But midwifery is not the only one suffering from this phenomenon: during the same period, the pharmacy sector recorded a student shortage of 30%, or about 1,027 places nationwide. Alarming figures indicate a coming crisis for professionals who are nonetheless essential for the proper functioning of the health system.

How to explain this lack of students? After the 2020 reform, young people who wish to continue their education in health care have the choice between the Access to Health Care Special Course (PASS) and the Access to Health Care Option License (LAS), both of which provide access to the second year of study. While the medical sector continues to attract so much attention from students, pharmaceuticals and midwifery continue to suffer from a lack of information and persistent stereotypes.

“There is a kind of sacralization of medicine”
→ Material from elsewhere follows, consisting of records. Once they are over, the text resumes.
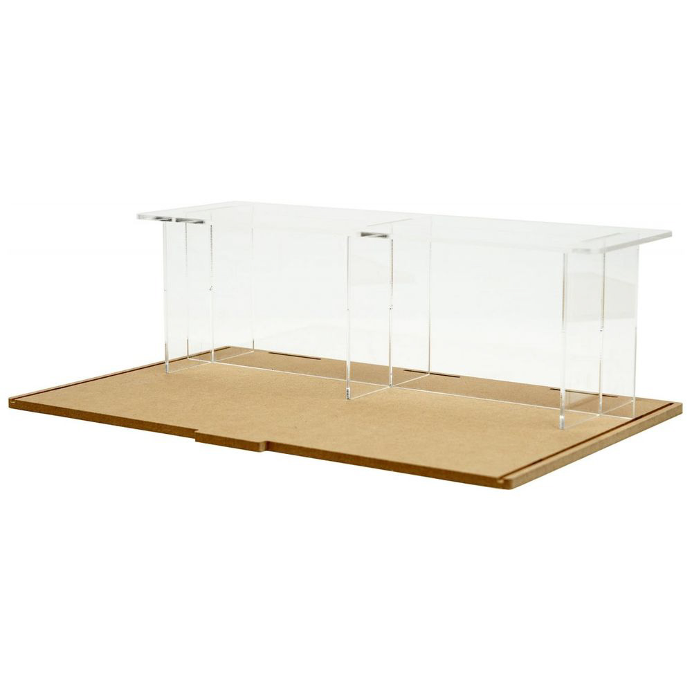 箱庭技研の“コレクションケースL”シリーズでご利用いただける1段、高さ100mmのアクリルステージです。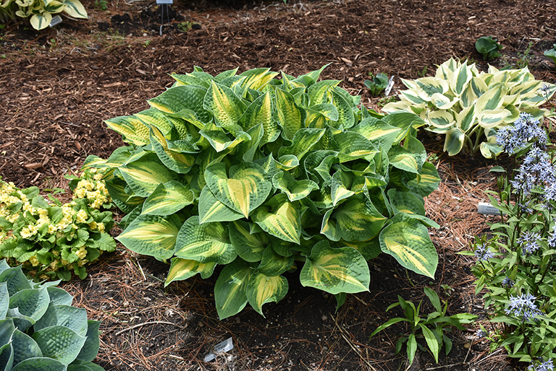 Gold leaved hosta with blue-green variegation and slight corrugation, fades to orange-gold color; provides beautiful texture and contrast to other plants; lavender spikes of flowers in early to mid-summer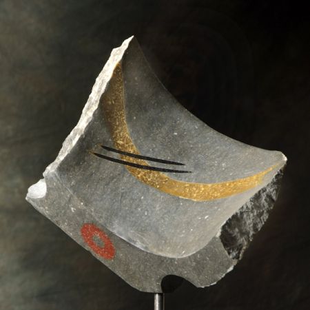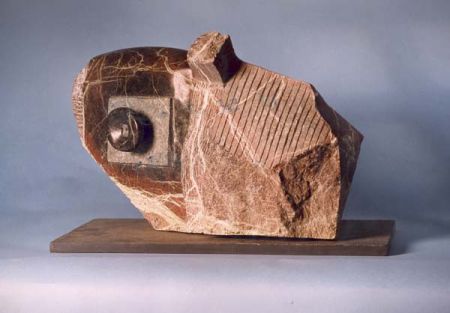 Soms combineert hij in zijn beelden steen met ander materiaal, zoals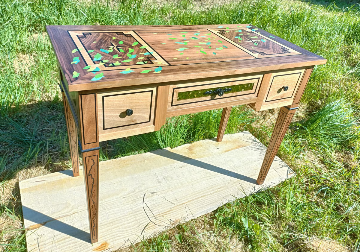 Les tiroirs, eux aussi travaillés avec soin, dévoilent une originalité rare : la façade est ornée de mousse stabilisée, coulée dans une résine translucide, créant un effet à la fois naturel et contemporain. Les finitions soignées, telles que les poignées de tiroirs en métal et les détails gravés sur les pieds, soulignent le caractère unique de ce meuble.

According to Luna, the lack of students is partly due to the reform: “Not only competition matters anymore, you have to validate your entire license. The observation was shared by Loïc Josserand, dean of Simone Veil’s UFR at the University of Versailles Saint-Quentin-en-Yvelines. “Before the reform, a student who failed in the first year repeated the course and eventually was redirected to courses where there were still places. The default choice, of course, but it was prepared by professionals. “In his opinion, minors, integrated into new learning, allows you to save an exit in case of failure” in other subjects of interest to them. If they wish, they may retake medication in their second or third year of LAS. »

Nathan Goulin, Vice President of the National Association of Pharmaceutical Students of France (ANEPF), responsible for training in medical education, notes a general lack of information about his sector. “The reform emphasized the unattractiveness of the pharmacy sector: in high school, people do not know this environment at all. They are thinking about going into medicine, and there are many opportunities in pharmacies, not only to work in pharmacies! »

Because if these studies can lead to the creation of your own pharmacy, they will also allow you to work in a laboratory, in the pharmaceutical industry, or even in a hospital. For Renault, a 5th year pharmacy student from Nancy, this is a sector with “exciting” courses, although he had no idea of ​​integrating it at all when he came to PACES.

In obstetrics, too, there are clichés. “Private training organizations harm us because they tell us that medicine is the best course. Many skills of midwives are unknown to the general public: gynecological observation, vaccination…” Luna Mourenas explains. So the medical sector will win the bet with the students?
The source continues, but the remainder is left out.